Kidney survival curve in patients with and without extracapillary proliferation in the patients who did not meet inclusion criteria of the Oxford classification. The patients who did not meet inclusion criteria of Oxford classification had a UP-UCR <0.5 or eGFR <30 ml/min per 1.73 m2 at the time of renal biopsy or follow-up period was <12 months. Kidney survival of patients with extracapillary proliferation was significantly lower than those without it (P < 0.01). The kidney survival rapidly declined within 5 years from the biopsy in patients with extracapillary proliferation. The number of patients remaining at 60, 120, 180, and 240 months of follow-up are shown at the bottom.

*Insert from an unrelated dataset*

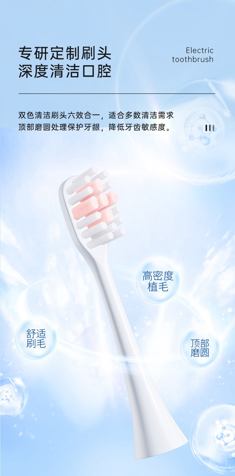 3、安装新刷头: 将新刷头对准电动牙刷的连接部分,确保刷毛与牙刷的底座对齐。然后用逆时针方向旋转,直到新刷头稳固地安装在牙刷上。确保刷头完全安装,不要使用过多力量。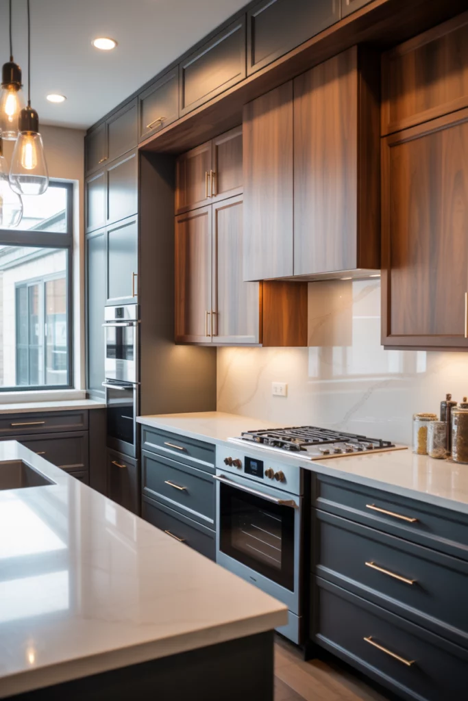 Natural wood cabinetry returns in 2026, but with smoother edges and fewer knots than rustic farmhouse styles. This tone works well with black granite counters or quartz that has faint veining. When combined with a wood floor, it builds a cohesive, organic feel from top to bottom. This is the answer for homeowners who want warmth without painted surfaces, and it feels especially high-end when paired with matte black pulls and linear lighting.

Comparisons of Clinical Characteristics and Pathologic Parameters among Groups A, B, and C
There were 254 patients in group A, 416 in B, and 32 patients in C. Clinical characteristics were compared among the three groups (Table 5). Age was youngest in group A, middle in B, and oldest in C (P < 0.01 in all comparisons). There were no statistical differences in gender distribution among the groups. Mean arterial pressure was lowest in group A, moderate in B, and highest in C (P < 0.01 in all comparisons). eGFR was highest in group A, moderate in B, and lowest in C (P < 0.01 in all comparisons). UP-UCR was mildest in group A, moderate in B, and most severe in C (P < 0.01 in all comparisons). The percentage of patients with steroid treatment was significantly higher in groups B and C than in A (P < 0.01, in both comparisons). The percentage of patients treated with ACEI and/or ARB was significantly higher in groups B and C than in A (P < 0.01, in both comparisons). The follow-up period was shortest in group C, moderate in A, and longest in B (P < 0.01, in both comparisons). The percentage of patients who developed ESRF was lowest in group A, average in B, and highest in C (P < 0.01 in all comparisons).
Table 5.
Clinical characteristics and follow-up data in patients who met inclusion criteria of Oxford classification and those who did not meet them
| Group A, eGFR ≥30, UP-UCR <0.5 | Group B, eGFR ≥30, UP-UCR ≥0.5 | Group C, eGFR <30 | Pa | |
|---|---|---|---|---|
| No. patients | 254 | 416 | 32 | <0.01 |
| Age (years) | 24 (8 to 70) | 33 (8 to 72)b | 45 (15 to 82)b,c | 0.4 |
| Women (%) | 59 | 58 | 47 | <0.01 |
| BMI | 21 ± 3 | 22 ± 3b | 23 ± 3b | <0.01 |
| MAP (mmHg) | 86 ± 13 | 94 ± 14b | 112 ± 17b,c | <0.01 |
| eGFR (ml/min per 1.73 m2) | 95 ± 32 | 80 ± 33b | 19 ± 6b,c | <0.01 |
| CKD stages 1/2/3/4/5 (%) | 53/39/8/0/0 | 31/39/30/0/0b | 0/0/0/72/28b,c | <0.01 |
| UP-UCR (g/gcr) | 0.15 (0 to 0.49) | 1.43 (0.5 to 17)b | 4.73 (0 to 15.9)b,c | <0.01 |
| Follow-up data | ||||
| steroid (%) | 15 | 42b | 44b | <0.01 |
| ACEI/ARB (%) | 22 | 45b | 48b | <0.01 |
| follow-up (months) | 57 (12 to 261) | 69 (12 to 281)b | 26 (6 to 147)b,c | <0.01 |
| ESRF (%) | 2 | 13b | 81b,c | <0.01 |
Abbreviations: BMI, body mass index; MAP, mean arterial pressure; eGFR, estimated glomerular filtration rate; CKD, chronic kidney disease; UP-UCR, urinary protein creatinine excretion ratio; ACEI, angiotensin converting enzume inhibitor; ARB, angiotensin receptor blocker; ESRF, end-stage renal failure.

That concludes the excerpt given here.